Finish with a controlled last segment, staying focused on efficient positioning and a clean exit. Plan your transition so you can move straight into bike power without wrestling with gear—speed comes from preparation, not from panicking at the end.
Your T1 should be efficient and calm: get your wet-to-dry rhythm, secure everything before you fully commit, and do a brief sanity-check that your bike fit and shoes are ready to lock in immediately. Off the mount, focus on smooth cadence and controlled acceleration for the first few minutes—flat/fast courses punish sudden spikes. Use the early kilometers to settle your breathing and lock into your fueling schedule so you’re not behind once the ride fully gets going.

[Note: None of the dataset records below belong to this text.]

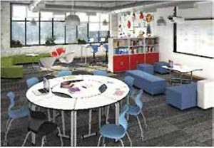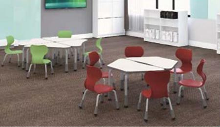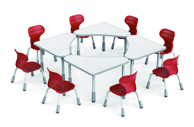 JUK 819 est une table modulable en forme triangulaire qui est réglable en hauteur. Cette solution permet de travailler de manière individuelle qui s’adapte aux tailles des plus petits.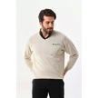 Baskılı V Yaka Uzun Kol Dokuma Triko - Bej Bej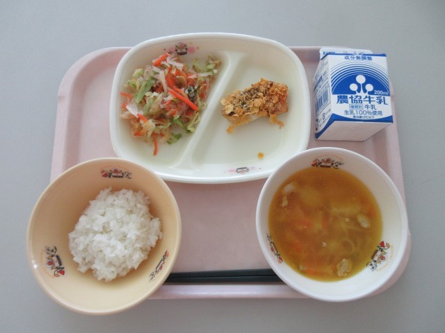 2月18日の給食 公開日 2026/03/09 更新日 2026/03/09 今日の給食 今日の給食は「ごはん メバルのコーンフレーク焼き たくあんのおかか和え 豚汁 牛乳」 でした。メバルは春をつげる魚です。 いいね(0)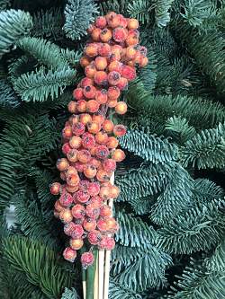 Ягоды в сахаре на штекере (оранжевые). Станут прекрасным дополнением к новогоднему декору — для украшения венков и гирлянд, композиций из лапника.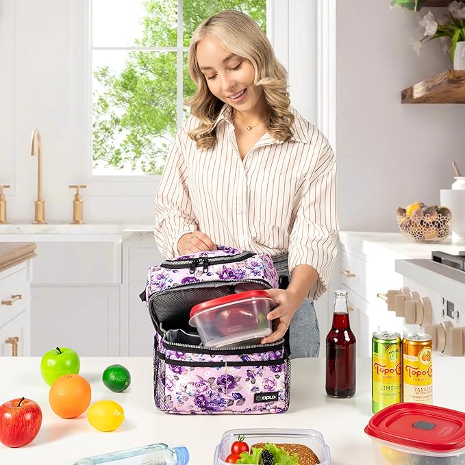 Opux Lunch Box For Women - Large Dual Compartment Insulated Lunch Bag, 10x7.5x10 Inches, Floral Purple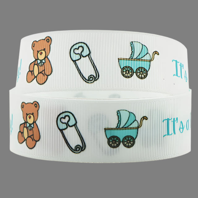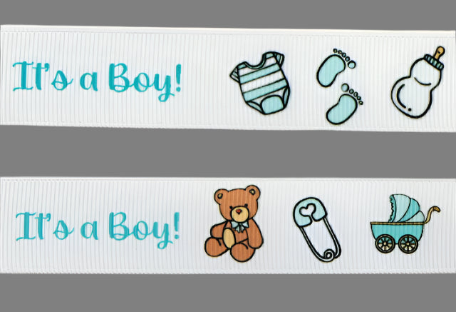 This blue grosgrain ribbon is perfect for your baby shower decorations. Made of high-quality material, it features a charming "It's A Boy" print, adding a special touch to your celebration. The soft texture and delicate design make it ideal for wrapping gifts, creating bows, and more. Show off your excitement in style with this adorable baby ribbon.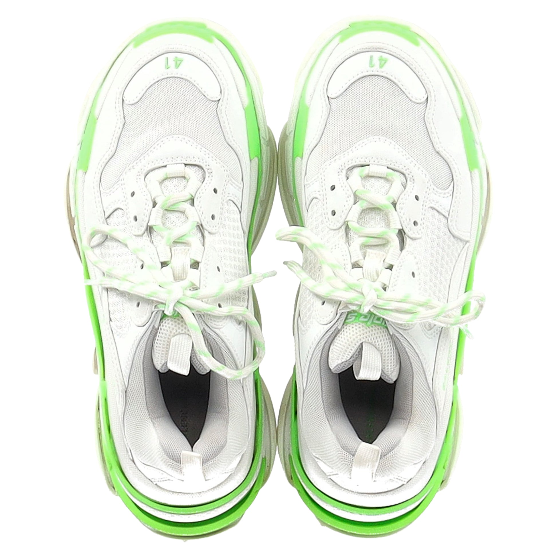 Make a bold impact with the Balenciaga Triple S Sneakers, designed in white and neon green polyester with the brand’s signature oversized silhouette. These fashion-forward sneakers blend athletic edge with high-fashion flair, offering both comfort and unmistakable street style. **Styling tip:** Pair them with neutral-toned joggers and an oversized hoodie or blazer to let the vibrant colors and chunky design stand out. Balenciaga Triple S Sneakers in White and Neon Green Polyester

You’ll cover 89.2km with 142m of elevation gain on a flat/fast profile, so the bike will feel strong and “easy” early—resist the temptation to chase speed. Wind is 4.6 m/s from the SW, so expect most of the ride to include some crosswind/headwind components that can push you off your line; keep a steady position and make small steering corrections rather than reacting to every gust. In moderate heat, prioritize consistent sipping and planned intake—your target is about 90g carbs, 750mg sodium, and 650ml fluid per hour, spread across the ride. Use the flatter terrain to hold steady power and cadence, and take fueling opportunities even if the pace feels good; staying ahead on carbs and fluid is what keeps your run from slipping later.

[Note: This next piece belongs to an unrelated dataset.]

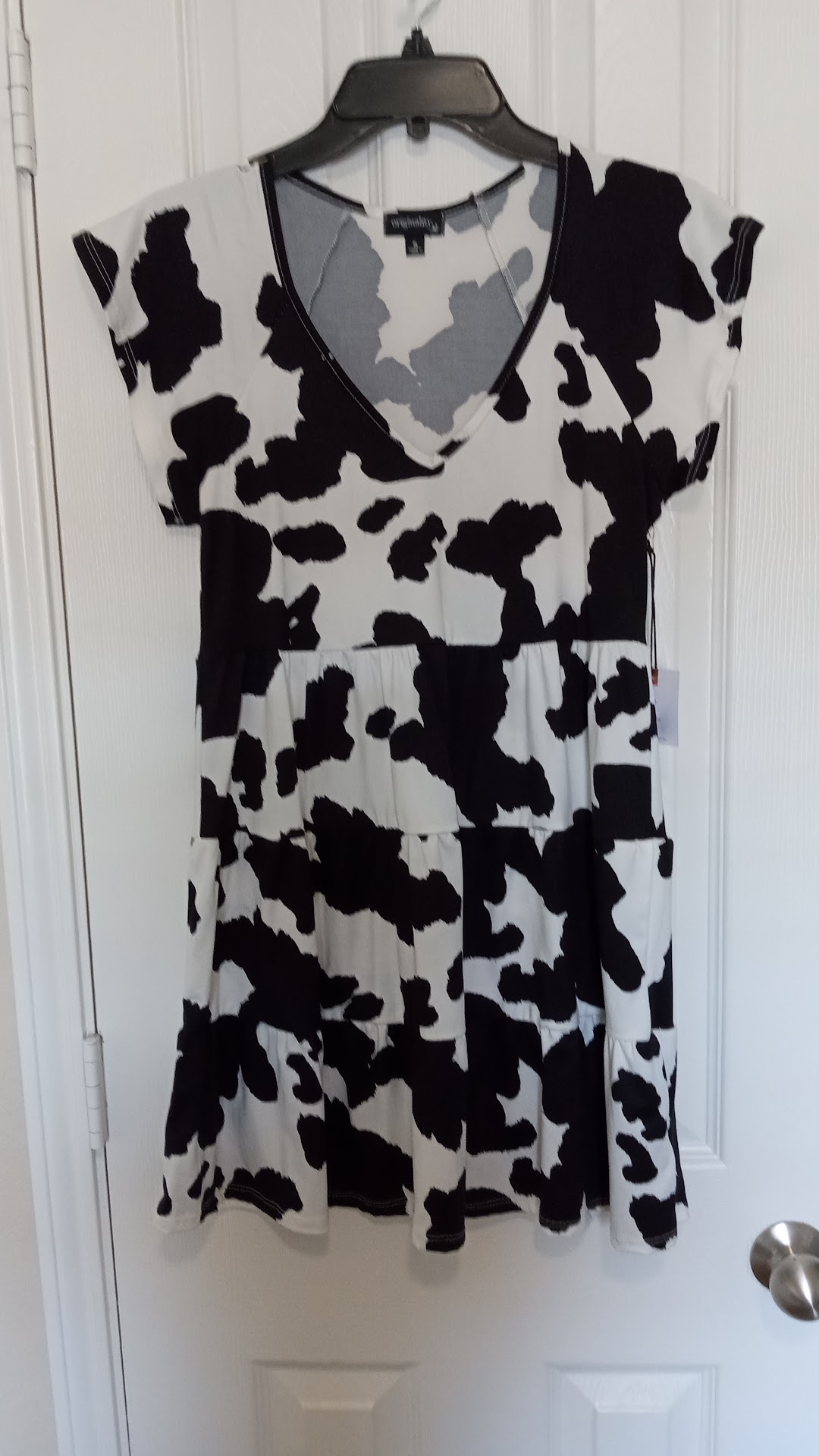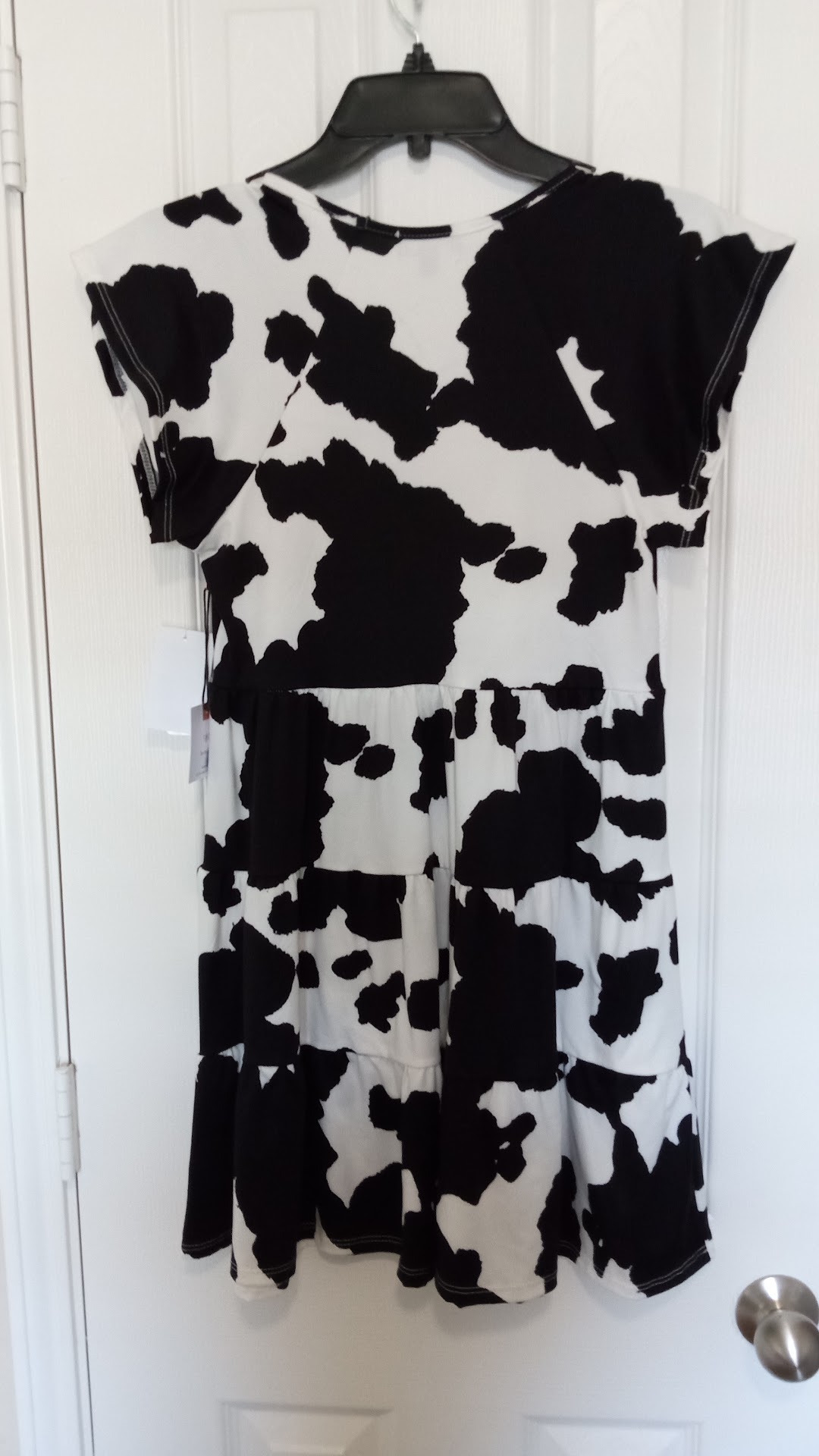 Feel cool and cutesy in this cow printed micro mini dress.An easy, pullover style in a soft and cool rayon.

As you approach the end of the bike, start to mentally switch from “time-trial pace” to “run-prep legs.” Aim for controlled power on the final stretch rather than a big hero effort—your goal is to leave transition with enough comfort to start fast on the run without cramping or nausea.
Your T2 is where your legs tell the truth. Expect the first 1–2km to feel stiff as the flat/fast run begins after a steady bike; keep strides controlled and let turnover build naturally. Get your first drink/aid intake rolling early so you don’t chase hydration later. Mentally decide what you’ll do if the wind picks up or if you feel good early—your plan should keep effort steady rather than spiking.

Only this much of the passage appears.